Okay, so if I’m merging two branches doing the same thing in different ways, in pijul you can get rid of one implementation, and still merge the rest? Does sound extremely convenient. I got no idea how you’d do that in git.

As far as I know, pijul fork --change is necessarily date based. So after a merge, it would not help me look at states of main prior to a merge because it has changes from other branches interspersed all over.

When you said states in your first reply I wasn’t really sure what you were talking about, now I get the sense they are a specific concept in pijul like “changes”. I also get the vibe that they are maybe like the snapshot idea I was talking about. If that’s the case I feel like they could solve a lot of the problems talked about here. I’d like to hear more about them.

I would push for, in a normal workflow, conflicts being valid states for a checkout to be in, but not a valid state for a channel to be in: put the user in a “merging” state, where they can record the resolution patch into a merged channel(along with the depended patches).

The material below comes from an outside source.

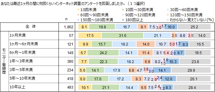 モニター登録歴が1ヶ月を超えると「60回以上」のゾーンも増えてきますが、モニター登録歴が長いほど回答数が多いということではないことが見受けられます。

Or alternately, reset back to the last known good channel state(on either side).
Again, there should be a --force to override this, and if pijul grows tags as distinct from branches stashing your “intent to merge” state in one seems perfectly legitimate; but implicitly conflicting a channel seems like a bad default for push and pull.

I think it does walk the dependency graph; but that still doesn’t help in the cherry-pick case, where the most recent commit as of a day ago, does not necessarily contain any reference to the changes introduced a day prior.

If a --state Merkle is anything like a git snapshot however, I can see that providing the functionality though.